So often, when we talk about crystal lore, we repeat the same few basic facts. The stone is found here. It grows in this sort of crystal habit. You can identify it by this or that characteristic — its hardness, its depth of color, the way it cleaves when it breaks. The ancient crystal shaman used it for healing, for love, for wealth, and here is how the modern worker may do the same.

Solid information as far as it goes. But today’s meditation on Petrified Wood is more personal than that, for it begins with a dream.

The Gift of the Ghost Bird

A hotel breakfast buffet. More people than I would have expected. Teacup in hand, I go into the next room. The lobby proper. Velvet couches.

A large painted wrought-iron birdcage. Large as a walk-in closet, the door open to let the residents come and go as they wish. I sit in the gold couch opposite.

The teacup is bone china with painted roses on it. An irritating thing. Too delicate. I don’t drink from it, I put it down.

Sheldon, my little old man of a Peach-Fronted Conure, emerges from the open cage. He climbs down slowly, slowly, with much effort. At thirty — almost thirty-one — he’s the equivalent of a human in his nineties. Although I’ve advertised across the country and across the world for years, I’m aware of only a few others of his species to ever reach that age.

But the effort isn’t all age and arthritis. Some of it’s the stone he carries in his beak. An uncut pebble of Petrified Wood. Arizona Rainbow Wood, I’ve heard it called. Once the trunk of a living tree, time has replaced each living cell with stone — in this case, colorful agates of red and yellow.

As I watch Sheldon’s progress, a man approaches me, although he does not sit. He looks down at me. Over at the bird. A question.

“Sheldon is a Peach-Fronted Conure,” I say. “He is almost thirty-one.”

“I’m sorry,” says the man. This seems an odd comment. On the verge of rude.

A large-screen television flickers on the wall some distance behind me. He looks there now, and I turn to look too. We are all concerned about the weather. This is Australia, I think. We are all on a tour, although I wouldn’t normally go on a tour with so many people. There must be a rare bird or maybe it’s a conference.

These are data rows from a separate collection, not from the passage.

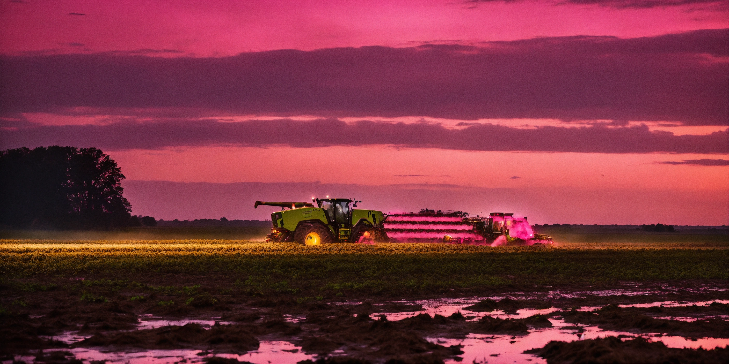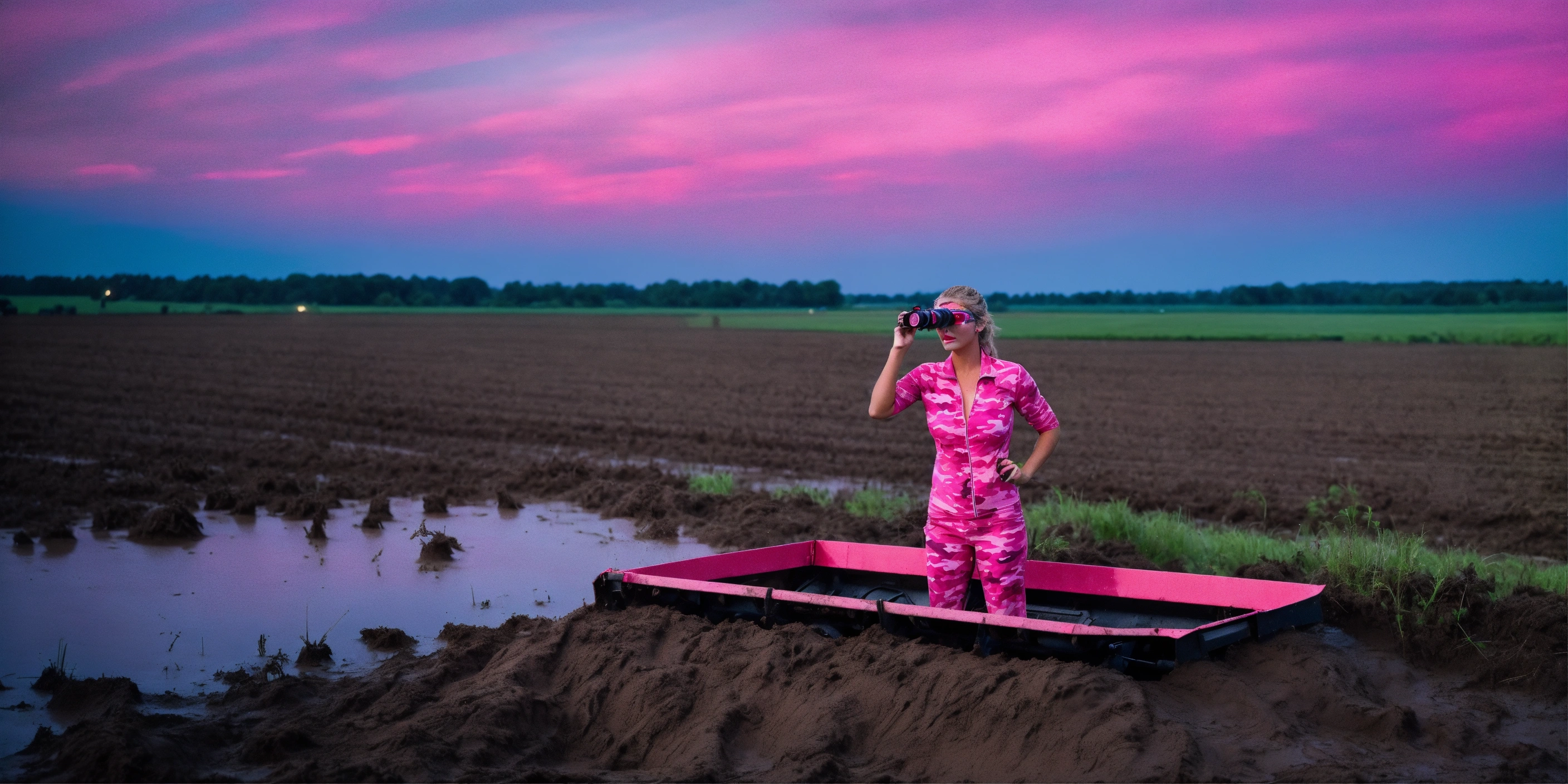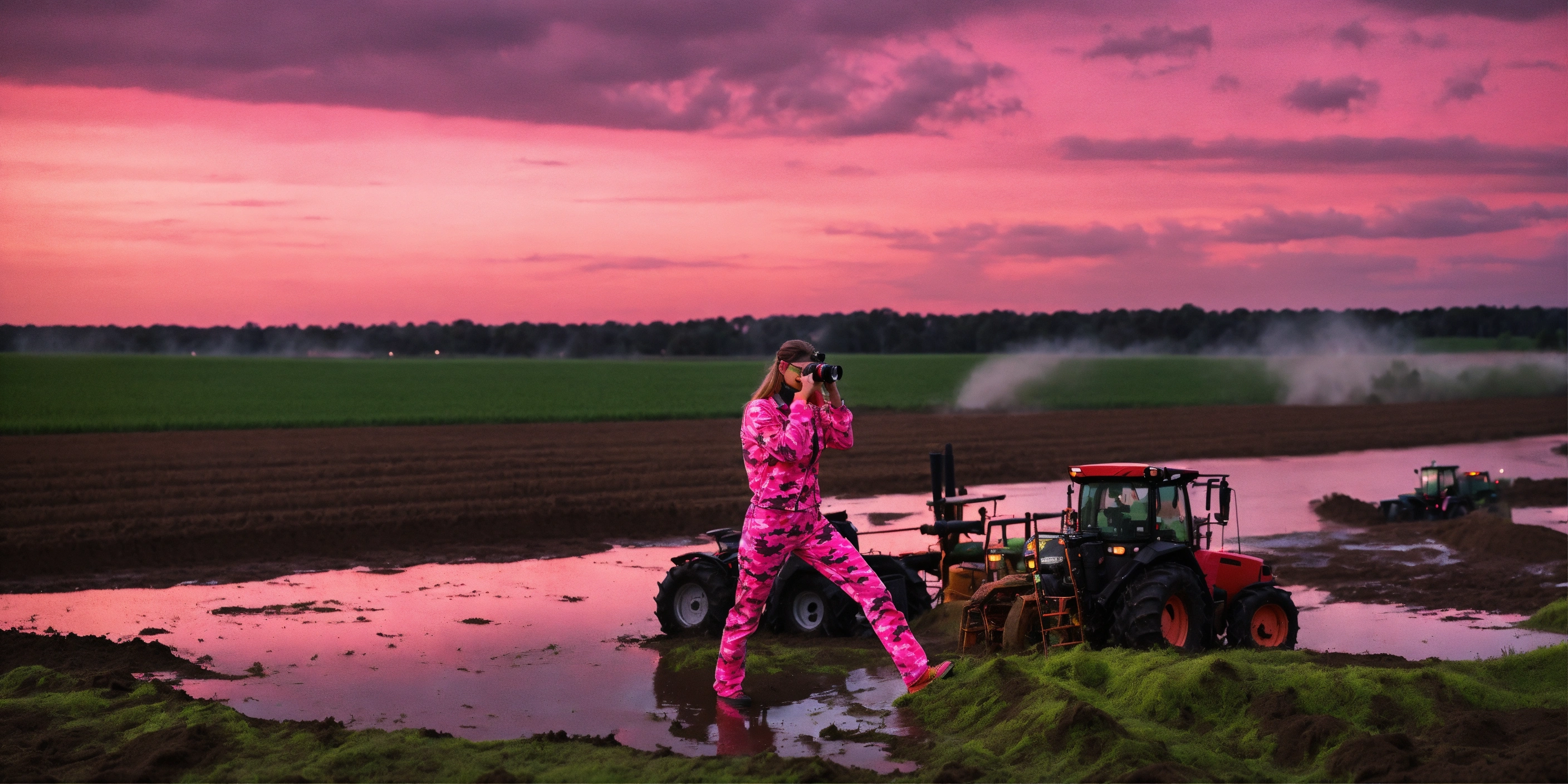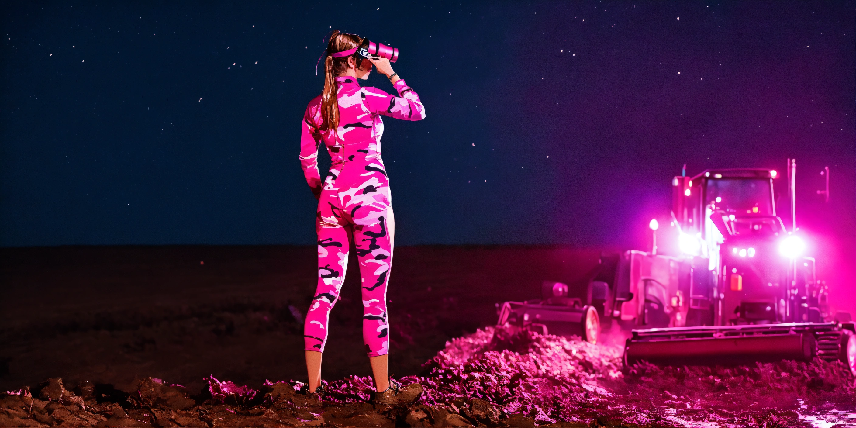 A woman in a pink swimsuit, with her face painted in pink camouflage, is hiding in the mud during nighttime. she’s using binoculars to covertly observe multiple combines and tractors working in a distant field, controlling them with a concealed remote device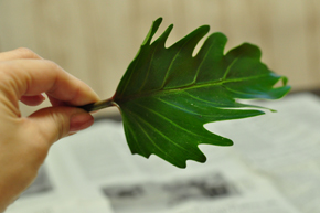 まず、クッカバラでカバーしていきます。 このような個性的な葉っぱは、見せて使わないともったいないので、しっかり見せながらカバーグリーンとしても使います。 |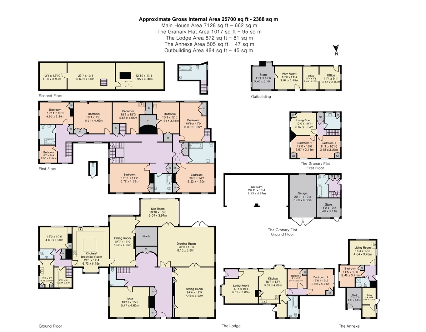 A beautiful 100 acre Estate in a wonderful elevated setting with views, cottages and significant equestrian facilities.DescriptionThis wonderful Country Estate is offered to the market for the first time in approximately 35 years.A beautiful Estate in a wonderful elevated setting with views over the Ashdown Forest with its Winnie the Pooh Bridge and tea rooms nearby, 104 acres, cottage, annexe, granary flat, separate office/playroom, significant equestrian facilities including stabling, barns and an indoor arena.Top Hill Farm is a delight. The main house is generously proportioned, and being un-Listed can be adapted to suit the buyer’s needs (subject to the usual consents).The property sits up a long private driveway in an excellent slightly elevated position with lovely views to the rear. The house and facilities sit well within the whole, away from neighbours. The accommodation takes advantage of beautiful views to the rear and offers well-proportioned accommodation ideal for family living. The ground floor accommodation radiates from a central entrance hallway and includes a sitting room, drawing room, snug, formal dining room, kitchen breakfast room and a study - all dual aspect rooms. The first floor offers eight bedrooms and three bathrooms, with a fourth en suite bathroom on the second floor.Outside is the office/playroom. An ideal space to keep work separate from home.For those with an equine interest, there are excellent facilities including significant stabling, 3,866sqft barn and a recently rebuilt indoor riding arena.In total the land amounts to about 104 acres, predominantly of fenced paddocks, but with beautiful mature gardens which surround the main house, including a partially walled water garden and a yew-hedge enclosed and private pool area. In the spring the woodlands become home to a sea of bluebells.The property also provides three further dwellings/accommodations including a two bedroom detached lodge cottage, a granary flat above the garaging and a separate one bedroom annexe.Garaging for 6 cars.LocationTop Hill Farm is located in an Area of Outstanding Natural Beauty about 2.2 miles via a small country lane from the charming village of Withyham which has a well-regarded primary school, church, village hall and cricket club.Ashurst mainline railway station is just 2.5 miles away, with direct services to London Bridge, whilst Tunbridge Wells (7.7 miles) has services to London Bridge, Waterloo East, Charing Cross and Cannon Street.Groombridge (4.6 miles) and Hartfield (3.4 miles) both offer a good choice of local amenities including village schools. Tunbridge Wells with its excellent cultural, leisure and shopping opportunities is about eight miles to the north. The historic Ashdown Forest is about 7 miles. The area is superb for walking and cycling, with access to the High Weald Landscape Trail nearby.More comprehensive amenities are available in Crowborough (about 6 miles) and East Grinstead (about 8.9 miles).Private and state schools: St Michael’s Primary School in Withyham, preparatory schools include Holmewood House (Langton Green), Rose Hill (Tunbridge Wells), Brambletye and Michael Hall Steiner Waldorf (Forest Row). Independent senior schools in Tunbridge Wells, Sevenoaks, Mayfield and Eastbourne.Communications: The A22 provides access to the M25, London and the suburbs, the south coast, Gatwick and Heathrow airports and the Channel Tunnel Terminus.Square Footage: 9,181 sq ftAcreage:104.45 AcresDirectionsAdditional InfoWealden District Council - Council Tax BandsTop Hill Farm = HThe Lodge = DThe Bungalow = DEnergy Performance Certificates:Top Hill Farm - EThe Lodge - E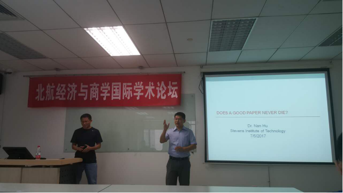 2017年7月5日下午,在新主楼A928教室,美国斯蒂文斯理工学院(Stevens Institute of Technology)商学院Nan Hu副教授应邀来我院参加北航经济与商学研究生国际学术论坛,并作了题为“Does A Good Paper Never Die?”的学术报告。我院20余名师生参加,报告会由单伟副教授主持。

The sound is turned down. You have to lean in to hear the voice. All of Australia west of Probst is being evacuated, or has been evacuated, but if you’re somehow still there, go now.

I don’t know where Probst is. Or if it’s even real. I only know how to spell it because I can read it on the emergency warning card that keeps appearing on the TV screen.

An ellipsis.

A very large window. I think at first it’s glass, but maybe it isn’t. Maybe it’s just open.

Out there it’s bright, hard, sunny. From here inside the lobby, you cannot see the ground.

Sheldon flies in that direction. It’s easy, for he has dropped the rock into my pocket. He doesn’t even have to flap.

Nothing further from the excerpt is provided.